Of all of the major metal types used in chemical design, the most commonly used and studied is stainless steel. Stainless steels are well known for the resistance to corrosion, making them highly applicable in the world of chemical processing wherein stainless steel pipes and tanks are used to contain corrosive liquids. Stainless steel is defined as a steel alloy with a minimum of 10.5% chromium by mass. Like steel, stainless steel comes in a variety of forms that can be made by altering its microstructure and then be further altered by changing the alloy's chemical makeup (i.e. adding or removing its elements). This flexibility of stainless steel allows it to be used in almost any application, depending on the requirements of the design. Generally, however, stainless steel is used when one needs the engineering properties of steel but with the added benefit of preventing corrosion (Biegler et al., 1997). Stainless steels work by containing the minimum necessary level of chromium to form a film of chromium oxide on top of the steel when in the presence of oxygen. This process blocks corrosion from spreading into the internal structure of the steel. Without this passive film creation, stainless steel would rust when exposed oxygen and water much like carbon steel does. However, there is a downside as the added benefit of stainless steel only works in the presence of oxygen. As such, stainless steels are not used in low air environments (SSIA).

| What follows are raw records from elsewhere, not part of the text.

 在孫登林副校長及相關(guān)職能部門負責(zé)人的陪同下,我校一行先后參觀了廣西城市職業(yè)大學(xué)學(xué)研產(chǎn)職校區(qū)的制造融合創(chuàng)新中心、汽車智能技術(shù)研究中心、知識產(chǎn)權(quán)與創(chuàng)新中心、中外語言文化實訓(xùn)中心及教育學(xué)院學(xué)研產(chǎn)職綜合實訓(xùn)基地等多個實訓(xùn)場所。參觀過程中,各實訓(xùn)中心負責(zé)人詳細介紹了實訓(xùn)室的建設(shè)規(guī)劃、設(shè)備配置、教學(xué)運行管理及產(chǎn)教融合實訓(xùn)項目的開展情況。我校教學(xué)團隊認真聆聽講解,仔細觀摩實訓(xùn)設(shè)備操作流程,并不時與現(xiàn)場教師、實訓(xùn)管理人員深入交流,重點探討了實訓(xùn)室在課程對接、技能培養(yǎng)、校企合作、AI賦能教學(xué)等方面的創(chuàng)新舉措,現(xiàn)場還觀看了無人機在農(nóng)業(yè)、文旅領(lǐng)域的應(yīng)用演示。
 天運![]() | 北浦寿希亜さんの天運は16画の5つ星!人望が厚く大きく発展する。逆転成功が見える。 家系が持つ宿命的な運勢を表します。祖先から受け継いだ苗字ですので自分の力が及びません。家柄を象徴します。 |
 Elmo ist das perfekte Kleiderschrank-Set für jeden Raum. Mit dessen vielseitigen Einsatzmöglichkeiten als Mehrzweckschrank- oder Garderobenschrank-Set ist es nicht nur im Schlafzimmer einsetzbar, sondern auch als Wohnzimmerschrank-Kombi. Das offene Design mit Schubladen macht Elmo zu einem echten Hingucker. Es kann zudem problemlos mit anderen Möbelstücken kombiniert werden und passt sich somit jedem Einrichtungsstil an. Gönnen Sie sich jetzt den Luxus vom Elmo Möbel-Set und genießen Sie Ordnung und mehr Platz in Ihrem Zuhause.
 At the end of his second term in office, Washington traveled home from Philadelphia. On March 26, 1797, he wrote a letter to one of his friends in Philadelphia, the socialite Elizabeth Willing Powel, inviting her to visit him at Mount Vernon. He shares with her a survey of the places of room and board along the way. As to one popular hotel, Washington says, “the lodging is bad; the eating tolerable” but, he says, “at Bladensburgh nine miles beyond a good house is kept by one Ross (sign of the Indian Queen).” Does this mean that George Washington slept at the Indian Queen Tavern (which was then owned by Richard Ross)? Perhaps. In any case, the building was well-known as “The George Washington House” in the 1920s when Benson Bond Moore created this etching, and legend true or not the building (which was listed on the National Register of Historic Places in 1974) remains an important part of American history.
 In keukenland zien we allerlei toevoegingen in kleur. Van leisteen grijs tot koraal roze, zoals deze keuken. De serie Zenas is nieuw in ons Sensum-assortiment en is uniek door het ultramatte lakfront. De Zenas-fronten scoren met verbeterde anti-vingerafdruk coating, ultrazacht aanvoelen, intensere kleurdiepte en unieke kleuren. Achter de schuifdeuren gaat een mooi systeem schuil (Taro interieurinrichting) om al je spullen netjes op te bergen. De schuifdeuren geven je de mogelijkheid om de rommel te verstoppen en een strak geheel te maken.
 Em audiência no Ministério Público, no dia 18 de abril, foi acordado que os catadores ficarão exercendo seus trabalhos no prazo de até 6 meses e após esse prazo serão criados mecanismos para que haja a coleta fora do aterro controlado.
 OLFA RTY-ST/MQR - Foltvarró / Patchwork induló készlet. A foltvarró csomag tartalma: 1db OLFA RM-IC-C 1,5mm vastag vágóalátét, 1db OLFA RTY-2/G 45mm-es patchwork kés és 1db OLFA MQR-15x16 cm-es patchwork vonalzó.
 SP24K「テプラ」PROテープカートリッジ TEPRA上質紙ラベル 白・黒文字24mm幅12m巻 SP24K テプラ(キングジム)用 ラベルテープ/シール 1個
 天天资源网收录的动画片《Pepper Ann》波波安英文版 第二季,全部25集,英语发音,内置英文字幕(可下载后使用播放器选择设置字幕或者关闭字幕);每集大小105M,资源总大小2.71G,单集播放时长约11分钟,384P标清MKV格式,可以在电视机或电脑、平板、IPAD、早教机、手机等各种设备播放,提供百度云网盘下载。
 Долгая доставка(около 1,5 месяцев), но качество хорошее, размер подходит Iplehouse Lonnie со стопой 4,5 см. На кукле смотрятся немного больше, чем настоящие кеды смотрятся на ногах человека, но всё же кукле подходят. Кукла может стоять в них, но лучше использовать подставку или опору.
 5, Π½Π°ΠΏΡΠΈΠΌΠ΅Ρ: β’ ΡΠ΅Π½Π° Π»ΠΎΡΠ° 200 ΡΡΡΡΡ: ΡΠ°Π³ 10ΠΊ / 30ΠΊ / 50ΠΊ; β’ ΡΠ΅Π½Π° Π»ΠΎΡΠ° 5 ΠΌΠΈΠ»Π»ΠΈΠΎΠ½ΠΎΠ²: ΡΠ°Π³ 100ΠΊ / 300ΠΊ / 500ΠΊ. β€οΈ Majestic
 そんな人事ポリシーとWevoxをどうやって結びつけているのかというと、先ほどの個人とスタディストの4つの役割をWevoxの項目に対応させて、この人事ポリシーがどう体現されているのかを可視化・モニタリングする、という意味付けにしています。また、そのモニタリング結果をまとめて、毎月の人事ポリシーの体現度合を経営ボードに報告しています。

Stainless steels come in three major types based on their microstructure: Ferritic, Martensitic, and Austenitic. Ferritic stainless steels have a body-centered cubic structure. They contain a wide range of chromium, anywhere from 13-20%, and no nickel with a maximum of 0.1% carbon. Ferritic stainless steels are usually less expensive and therefore are on the lower end of chromium content. This makes them less resistant to corrosion when compared to other stainless steels, but due to its structure it contains better engineering properties (Towler et al., 2013). Martensitic stainless steels are made from heating and quenching austenitic stainless steels to create a unique microstructure that is harder overall than austenitic stainless steels. This hardness can prevent weld decay, but it also makes the steel very brittle. Often, martensitic stainless steels are tempered to make a hard and tough material. The chromium content is around 10-12% with less than 2% nickel. Due to the low chromium and nickel content, martensitic stainless steels have relatively little corrosion resistance (SSIA).

Austenitic stainless steels make up more than 70% of the stainless steel produced around the world. They are distinguished by their face-centered cubic structure and carbides usage. The addition of nickel into the steel stabilizes the austenitic structure of the iron within. As such, austenitic stainless steels contain a minimum of 7% nickel with 18-20% chromium (Towler et al., 2013). They are popular due to their high corrosion resistance. Austenitic stainless steels cannot harden under heat treatment, which makes them susceptible to weld decay. Rather, they must go through the complicated process of martensitic treatment (SSIA).

There are “grades” of austenitic stainless steels that correspond to a specific chemical composition. The 200 series of austenitic stainless steels are typically more “general purpose” and cheaper as they substitute manganese for nickel. This makes them better rounded but less corrosion resistant. Type 201, for example, can harden under cold treatment (SSIA).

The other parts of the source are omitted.